How to complete this task - Copy the lines below exactly, starting at the one with "This residence features" and ending at the one with "Pasador con hortensias", and leave out any picture.

Input material -
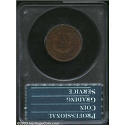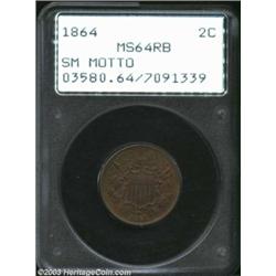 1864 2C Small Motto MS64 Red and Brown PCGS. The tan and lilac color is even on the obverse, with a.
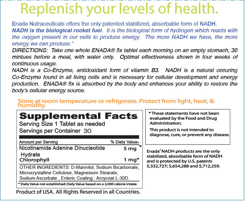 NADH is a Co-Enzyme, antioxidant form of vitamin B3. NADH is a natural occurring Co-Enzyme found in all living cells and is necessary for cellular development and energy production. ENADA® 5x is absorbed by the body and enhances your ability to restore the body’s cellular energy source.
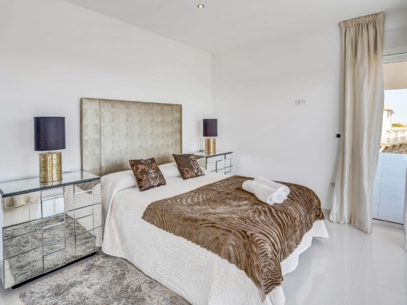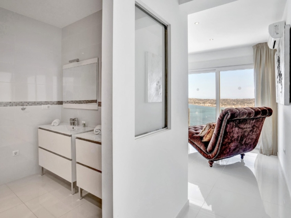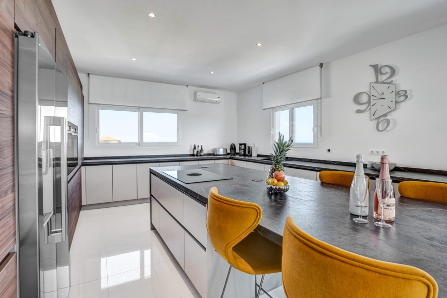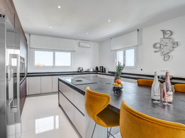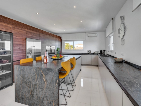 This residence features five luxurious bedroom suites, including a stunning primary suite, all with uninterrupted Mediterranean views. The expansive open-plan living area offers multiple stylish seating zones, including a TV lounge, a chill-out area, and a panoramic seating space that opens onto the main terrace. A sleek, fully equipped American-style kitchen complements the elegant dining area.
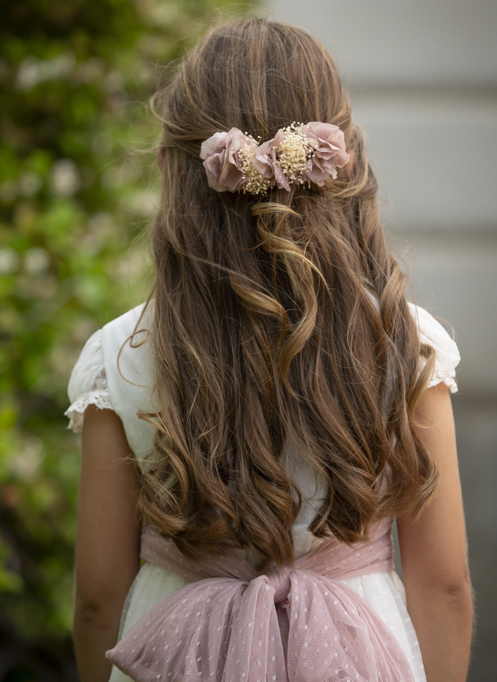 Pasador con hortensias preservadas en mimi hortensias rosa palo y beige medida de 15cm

* * *

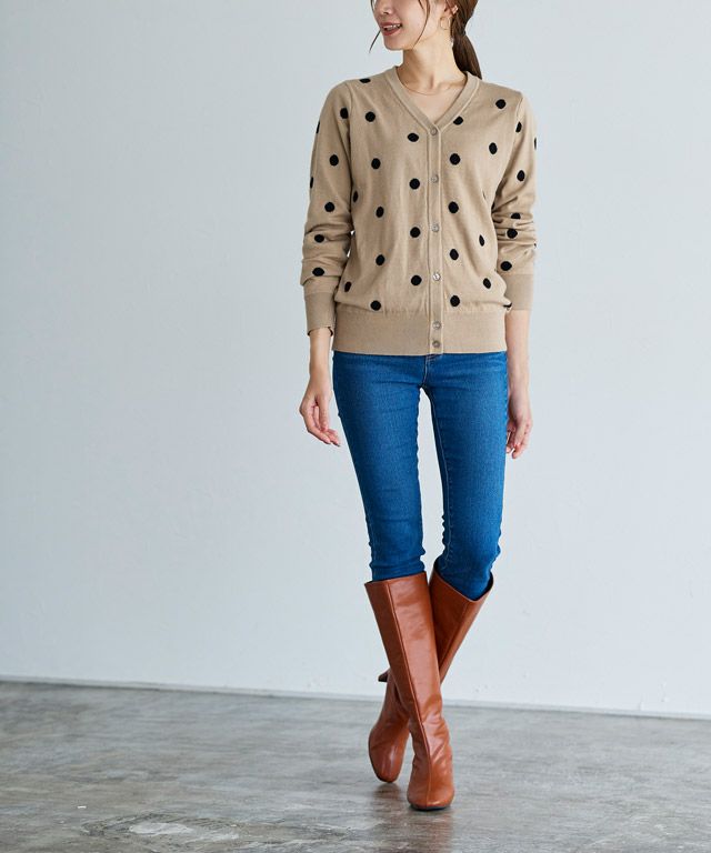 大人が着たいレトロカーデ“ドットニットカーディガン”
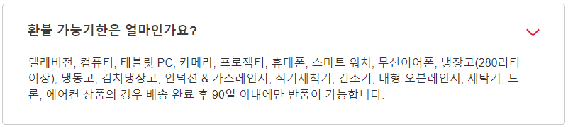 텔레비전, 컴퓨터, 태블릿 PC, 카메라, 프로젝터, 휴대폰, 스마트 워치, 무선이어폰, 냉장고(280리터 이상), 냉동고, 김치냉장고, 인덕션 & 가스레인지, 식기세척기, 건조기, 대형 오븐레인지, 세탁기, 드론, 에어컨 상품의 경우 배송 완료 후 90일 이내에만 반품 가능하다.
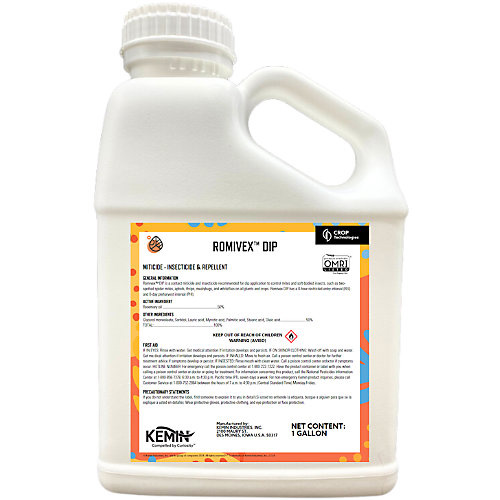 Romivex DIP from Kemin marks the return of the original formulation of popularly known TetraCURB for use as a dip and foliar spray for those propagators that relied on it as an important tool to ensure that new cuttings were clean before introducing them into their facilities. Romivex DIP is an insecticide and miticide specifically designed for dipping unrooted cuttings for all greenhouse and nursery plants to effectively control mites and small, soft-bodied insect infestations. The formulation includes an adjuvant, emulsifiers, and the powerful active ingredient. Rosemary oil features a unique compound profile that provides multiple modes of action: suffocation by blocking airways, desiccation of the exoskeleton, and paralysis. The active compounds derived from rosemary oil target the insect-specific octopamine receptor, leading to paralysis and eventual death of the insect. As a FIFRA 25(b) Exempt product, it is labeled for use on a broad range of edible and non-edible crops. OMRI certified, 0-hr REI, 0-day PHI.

Exercise output -
 This residence features five luxurious bedroom suites, including a stunning primary suite, all with uninterrupted Mediterranean views. The expansive open-plan living area offers multiple stylish seating zones, including a TV lounge, a chill-out area, and a panoramic seating space that opens onto the main terrace. A sleek, fully equipped American-style kitchen complements the elegant dining area.
 Pasador con hortensias preservadas en mimi hortensias rosa palo y beige medida de 15cm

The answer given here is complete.